Discography / Stage Fright
Stage Fright
Released August 17, 1970, on Capitol Records. Produced by the group themselves for the first time, engineered by Todd Rundgren, recorded live on the empty stage of the Woodstock Playhouse. The full story is covered in Stage Fright & Cahoots (1970–1971); this page covers the record itself.
Track listing
| Side | Track | Writer(s) | Lead vocal |
|---|---|---|---|
| A | Strawberry Wine | Robertson, Helm | Helm |
| A | Sleeping | Robertson, Manuel | Manuel |
| A | Time to Kill | Robbie Robertson | Danko |
| A | Just Another Whistle Stop | Robertson, Manuel | Manuel |
| A | All La Glory | Robbie Robertson | Helm |
| B | The Shape I'm In | Robbie Robertson | Manuel |
| B | The Rumor | Robbie Robertson | Danko, Helm, Manuel |
| B | Stage Fright | Robbie Robertson | Danko |
| B | Daniel and the Sacred Harp | Robbie Robertson | Helm |
| B | The W.S. Walcott Medicine Show | Robbie Robertson | Helm |
Robertson originally wrote the title track for Manuel to sing, then reassigned it to Danko once it became clear the song suited what one biographer called Danko's nervous, tremulous voice better.
Personnel
- Rick Danko: bass, vocals
- Levon Helm: drums, vocals
- Garth Hudson: organ, piano, saxophone, synthesizer
- Richard Manuel: piano, vocals
- Robbie Robertson: guitar, vocals
- John Simon: trombone (one track only; the band's first album self-produced without him)
Chart performance
Peaked at No. 5 on the Billboard albums chart, the best chart placement the Band ever achieved, and went gold.
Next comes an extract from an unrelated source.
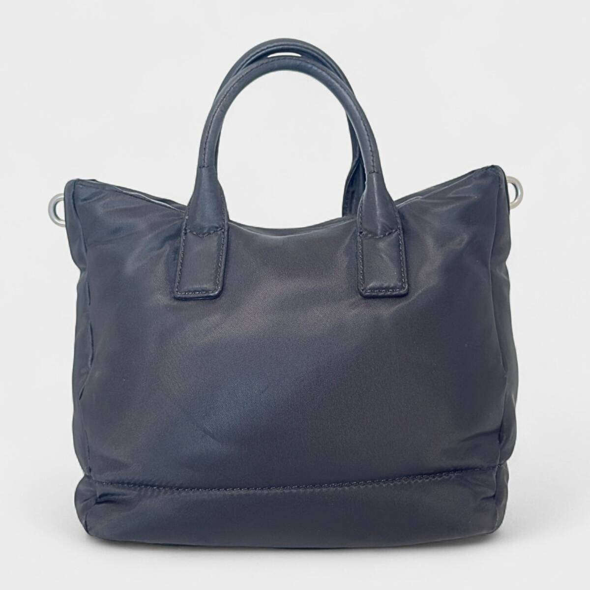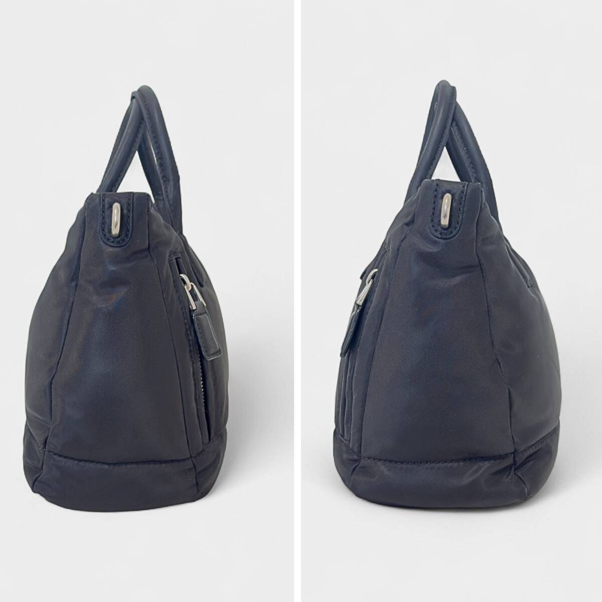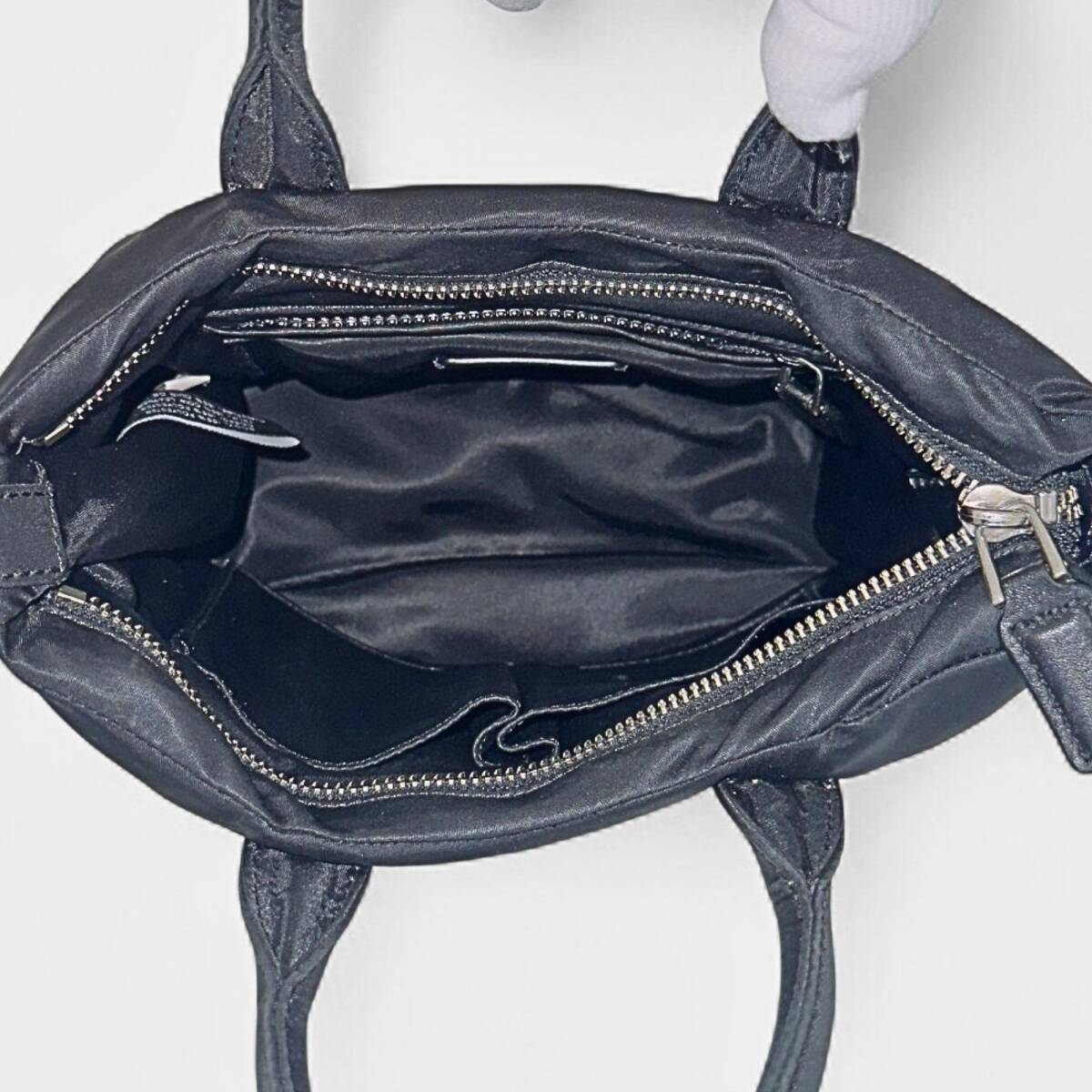 肉厚ナイロン×レザーの実用派ミニトート。手持ち/斜め掛けの2wayでタウンユースから旅行のサブバッグまで幅広く活躍。前後外ポケット+内側小分け多数で荷物が散らからず、ブラック×シルバー金具でコーデを選ばない万能デザインです。

A commercial high point that arrived alongside a genuinely difficult recording process.
Critical standing
Reviews at the time were more mixed than for the first two albums; Rolling Stone's John Burks felt it lacked their glory. Later critical opinion has been considerably warmer: Q's John Bauldie called it possibly their greatest record, and AllMusic praised its "nakedly confessional" turn away from the group's earlier character-study songwriting.
Notes on the mix
Two competing mixes were made in London in 1970, one by Rundgren at Trident Studios, one by Glyn Johns at Island Studios, and for decades afterward nobody involved, including the two engineers, could say with confidence which mix had ended up on which pressing. Robertson, dissatisfied with the original release for years, produced a new mix and running order for the album's 50th anniversary in 2020, which he has said reflects what he'd originally intended before internal politics affected the sequencing.